Given data:
>>

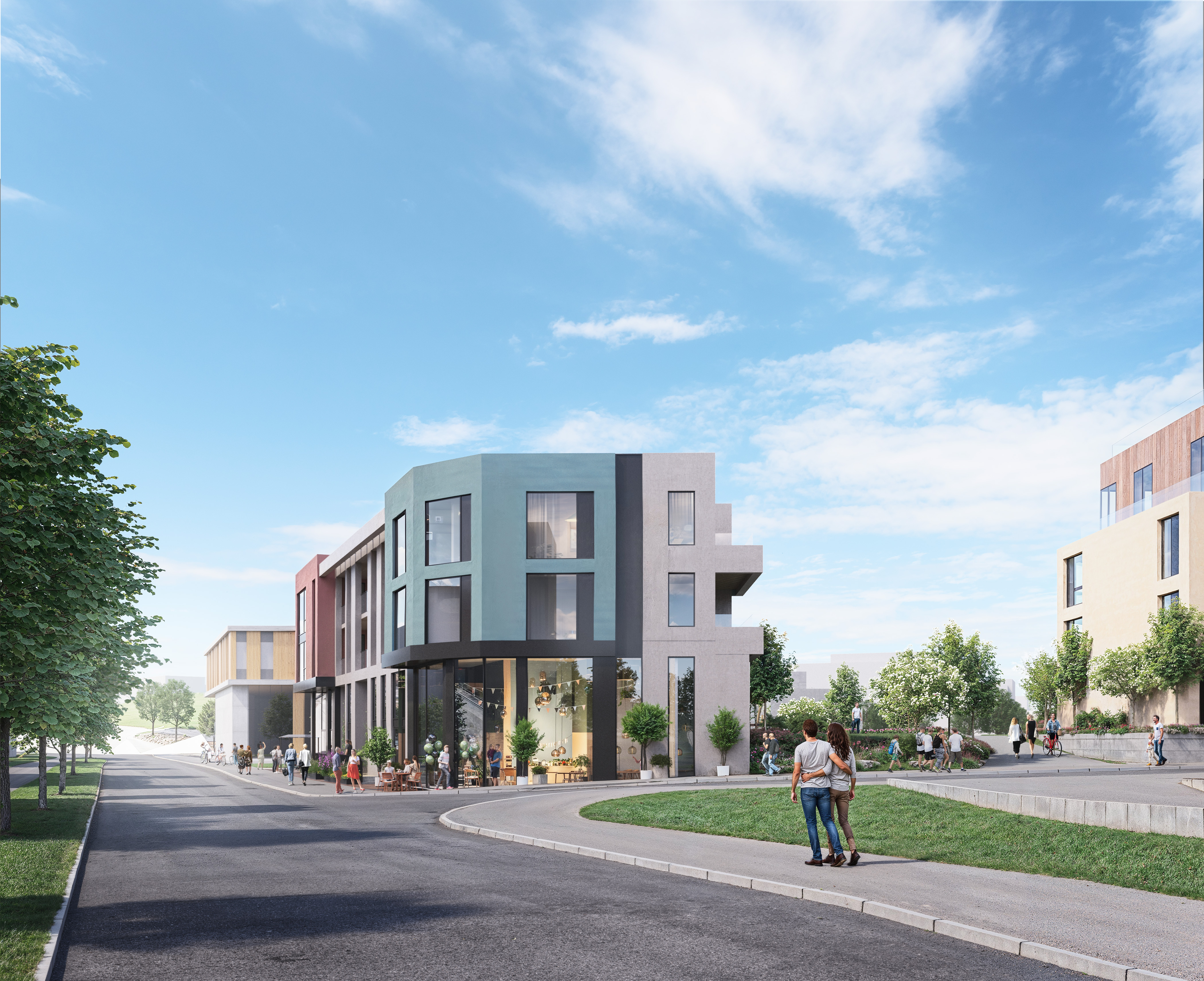 Bryggetunet består av tre bygg, utformet rundt et grønt og hyggelig tun med beplantning, sittegrupper og lekeapparater – perfekt for både små og store. Alle boligene får private uteplasser, store vindusflater og generøs takhøyde som gir en lys og luftig atmosfære.
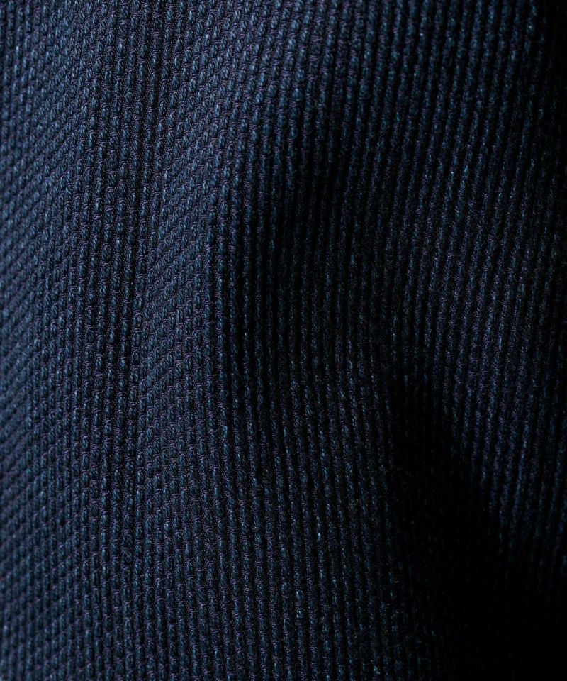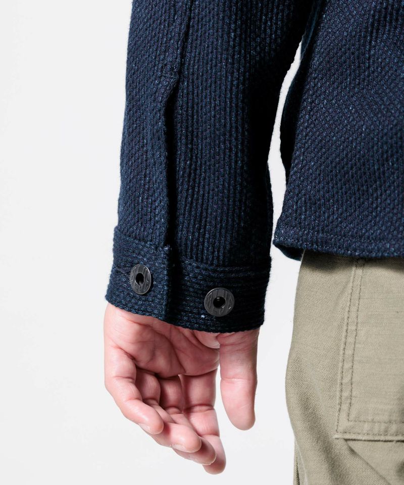 通常のデニム生地と同じロープ染色のインディゴカラーで染められた糸を使用しているため、経年変化もお楽しみいただけます。
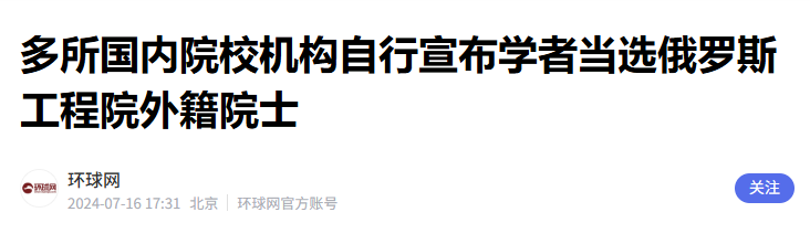 此前,曾有多所国内院校机构自行宣布学者当选俄罗斯工程院外籍院士。
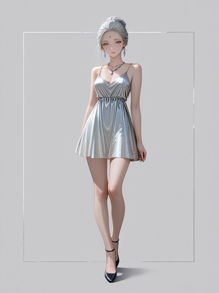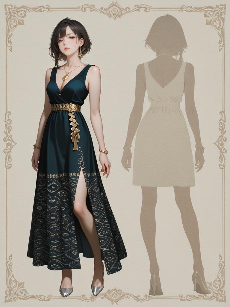 1girl, realistic face, full body shot, Woman, glam, long sleeve mini dress with gold sequin embellishments, black base color, shell-like pattern, deep V-neckline, straight hem, choker necklace.

<<

Problem:
In the copy, omit the pictures and give every line of the data exactly.

Answer section:
 Bryggetunet består av tre bygg, utformet rundt et grønt og hyggelig tun med beplantning, sittegrupper og lekeapparater – perfekt for både små og store. Alle boligene får private uteplasser, store vindusflater og generøs takhøyde som gir en lys og luftig atmosfære.
 通常のデニム生地と同じロープ染色のインディゴカラーで染められた糸を使用しているため、経年変化もお楽しみいただけます。
 此前,曾有多所国内院校机构自行宣布学者当选俄罗斯工程院外籍院士。
 1girl, realistic face, full body shot, Woman, glam, long sleeve mini dress with gold sequin embellishments, black base color, shell-like pattern, deep V-neckline, straight hem, choker necklace.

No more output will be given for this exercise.